# Flounder?



## crackerdave (Dec 11, 2007)

Has the warm weather delayed their migration out of the inshore water? How about the" scrimps?"


----------



## StriperAddict (Dec 11, 2007)

Good Q.  I'm posting so I get any answers to my e

thanks


----------



## marine3 (Dec 11, 2007)

Around Savannah we are still catching some flounder but the shrimp are a different story. Thank God for Gulp baits.


----------



## puredrenalin (Dec 12, 2007)

Ive caught many a flounder off the VA coast, using the good old 2 minny rig. I havent had the chance to go out this past summer, but Ive heard gulp and shrimp are awesome combinations. I know for reds gulp is the ticket as well as the Halo shrimp, but I love to fish for Flounder!!  The flatties should be inshore this month or the following!! Good luck for you guys!!


----------



## Paymaster (Dec 14, 2007)

Here's a couple from PC Beach.


----------



## StriperAddict (Dec 14, 2007)

Nice catch P'M, and I'll bet good eatin


----------



## swamp hunter (Dec 16, 2007)

Anybody got any info. on them flounder around Keaton Beach area? What time of year , ect. I,m soon to be moving up that way , and we don,t have any way down south where I fish at.
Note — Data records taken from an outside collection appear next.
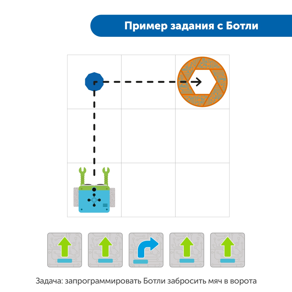 - Робот Ботли не имеет дисплея и не требует никаких дополнительных устройств для активации работы. Дети познакомятся с методом пошагового программирования и логики.
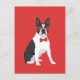 Hipster Boston Terrier with Red Glasses & Bow Tie Postcard
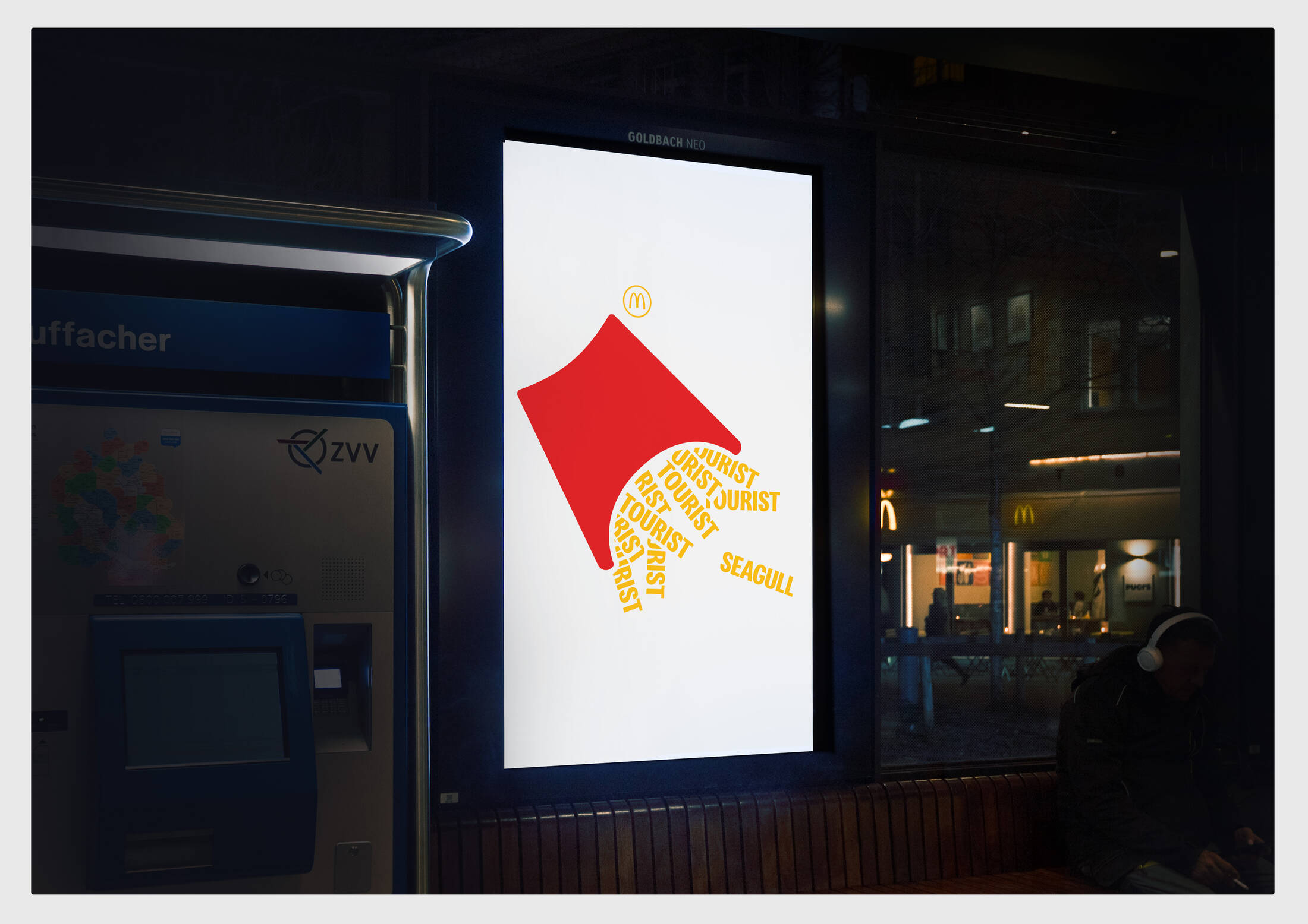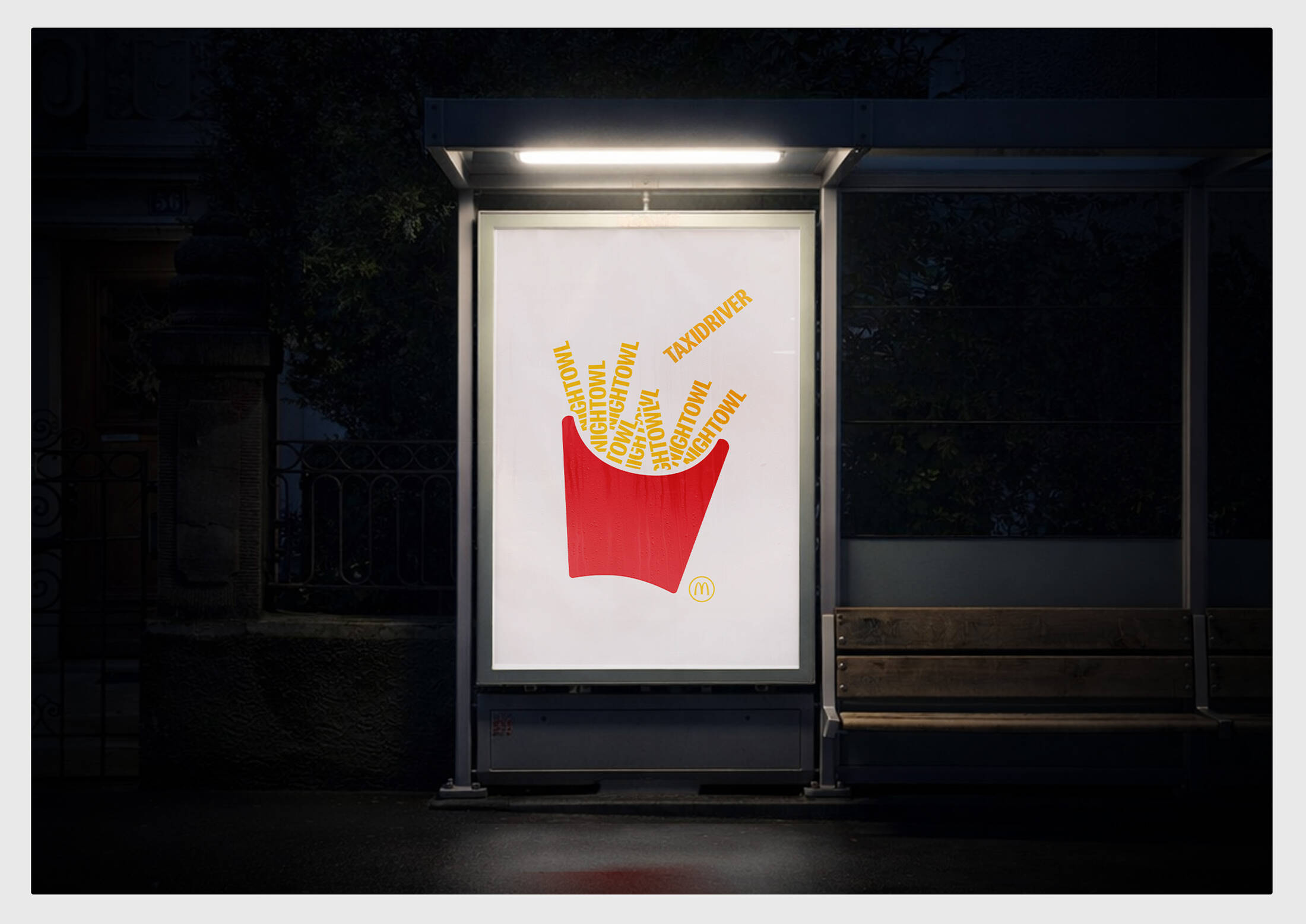 Based on this insight, we developed a poster campaign that replicates the typical scattering of fries, as they are ready to be enjoyed. Using a radically simple layout, each ad tells another story about someone craving a fry and daring to steal it – for example, a cheeky seabird or a taxi driver with a late-night hunger.
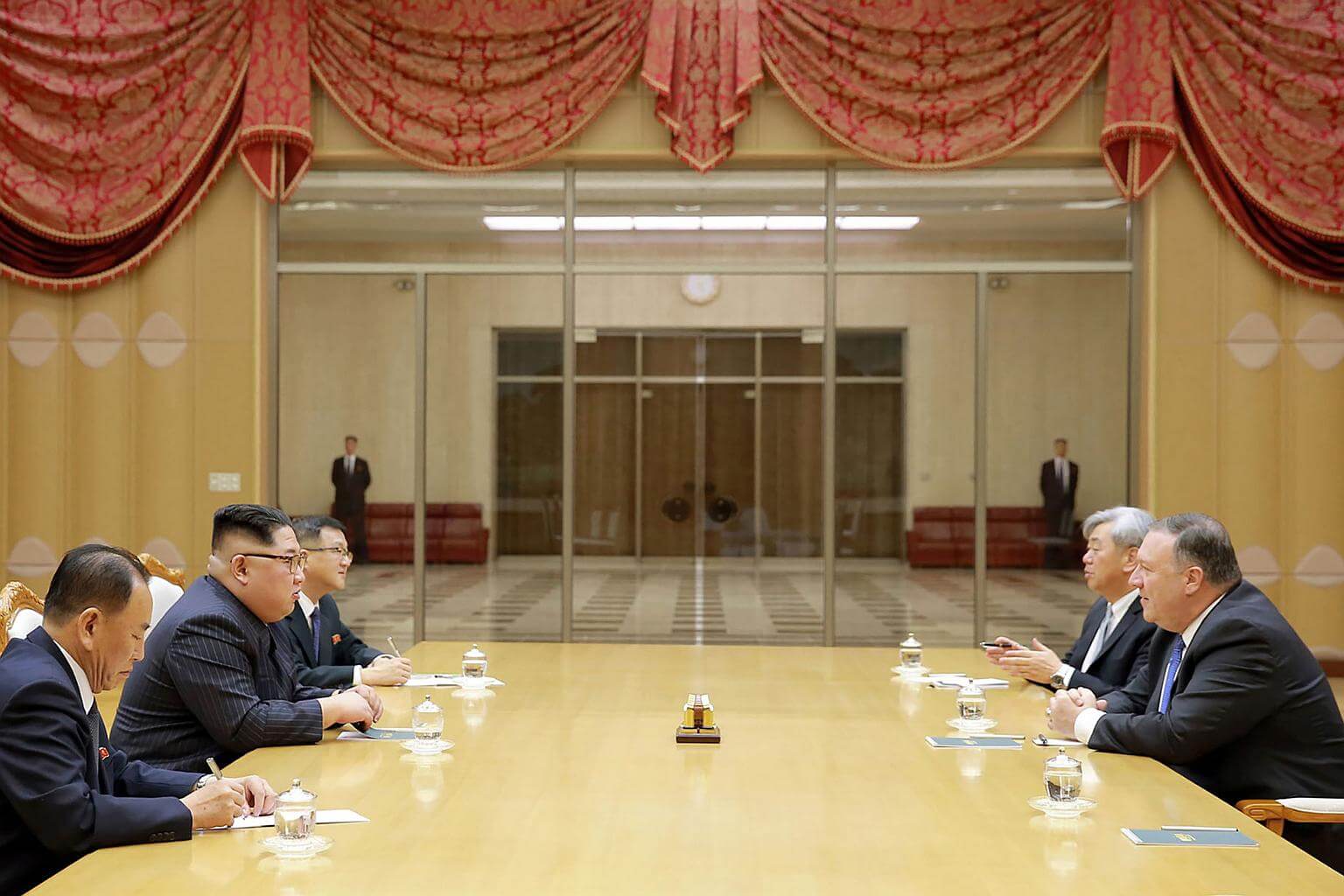 North Korean leader Kim Jong Un (second, left) meeting with US Secretary of State Mike Pompeo (right) at the Workers' Party of Korea headquarters in Pyongyang. Seated next to Mr Pompeo is Mr Andrew Kim, the head of the CIA's Korea Mission Centre.
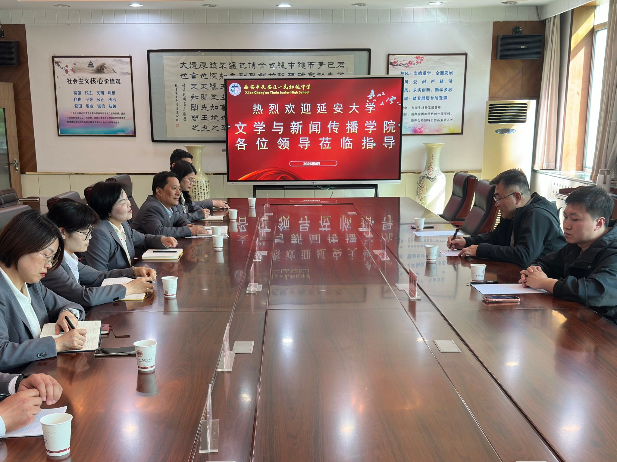 在西安市长安区一民初级中学,该校党支部书记、校长吴美娜,党支部副书记薛飞等校领导出席座谈会。薛飞详细介绍了学校的办学理念、师资队伍建设及教学成果。党子奇介绍了学院汉语言文学国家级一流专业建设成效及卓越中学语文教师培养项目。双方就教师人才培养、实习就业合作等达成共识。在该校任教的我校部分毕业生参加了座谈交流。
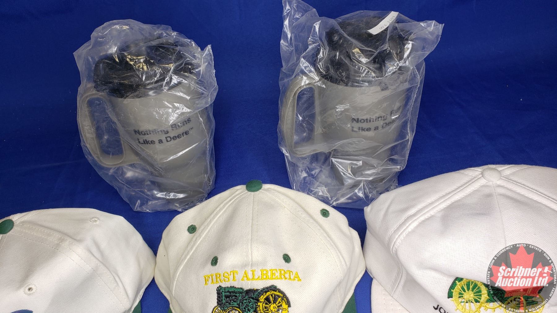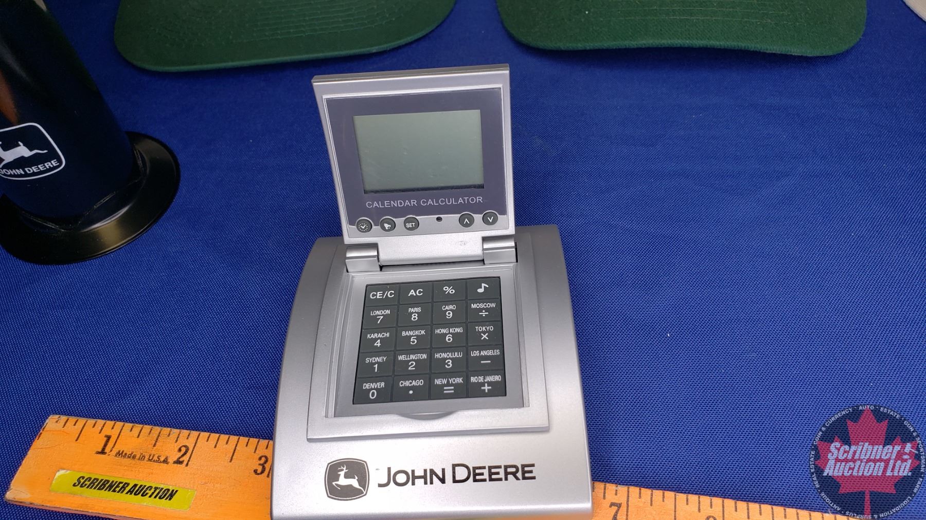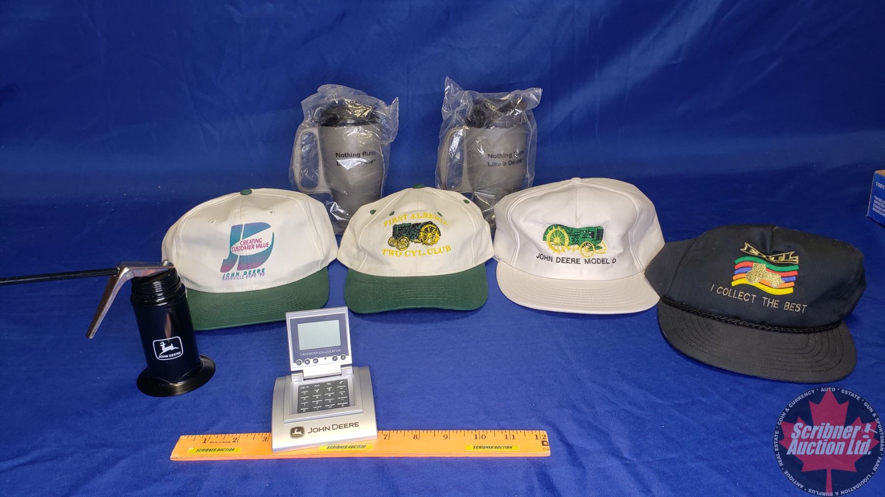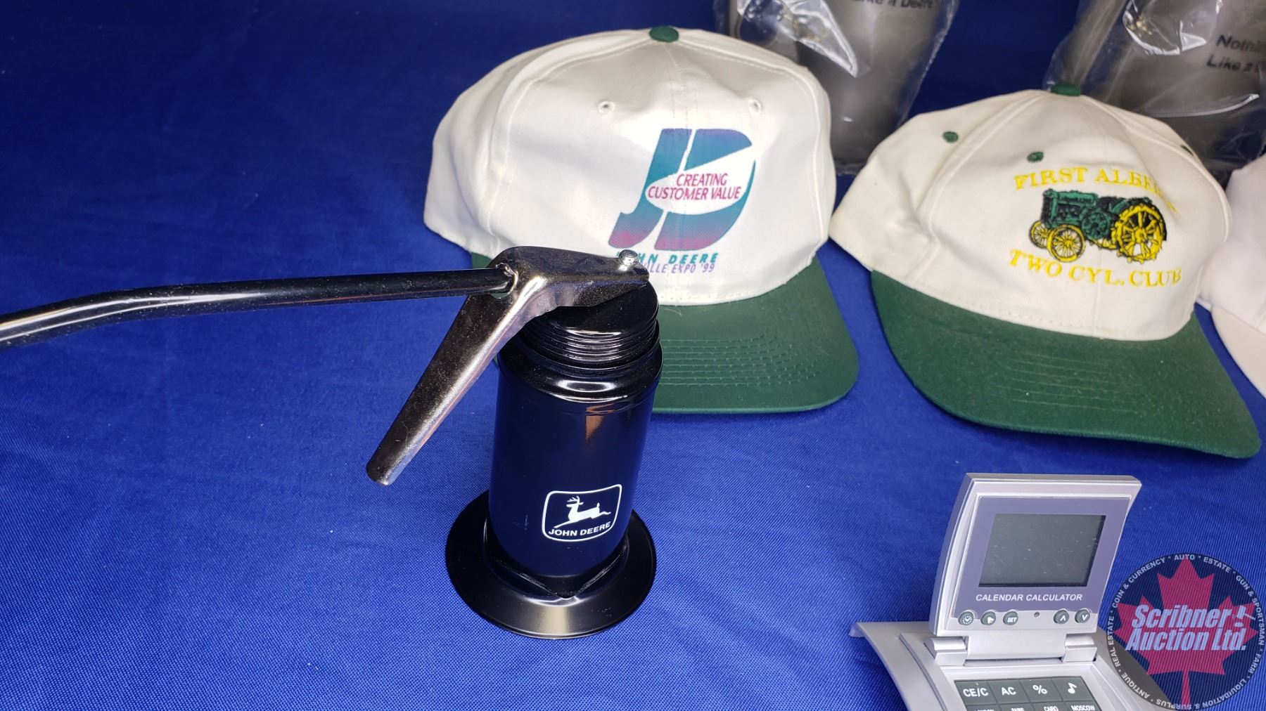 Tray Lot - Collector Combo : John Deere Theme (2 Travel Mugs, 4 Caps, 1 Oiler & 1 Digital Desk Calendar/Calculator)

So I don,t really have any exp. with them, I,ve caught maybe 3 in my entire life.


----------



## crackerdave (Dec 18, 2007)

I've fished for flounder a lot,but it's been on the Atlantic side of Florida.They're a fish that you don't often catch unless you're specifically after them and you know how they bite and what they eat.Fish slowly with the lightest weight [slip-sinker or jighead] you can get by with and keep your bait[mud minnow or finger mullet] on or near the bottom. When a flounder hits,it usually feels like a hard "tap" like a bass hitting a plastic worm.Let the fish have a little slack and wait about 30 seconds or so,then set the hook.Most folks try to set the hook too soon on a flounder,and don't hook 'em good.
Good luck!


----------



## puredrenalin (Dec 18, 2007)

Using Circle hooks work well they usually hook themselves, depending on how hard they are hittin that day, you feel em bump it, if you pick up just a bit, you can feel them swim back down, at that point you can usually set the hook and be good to go! Great advice rangerdave!! Good luck guys!!!


----------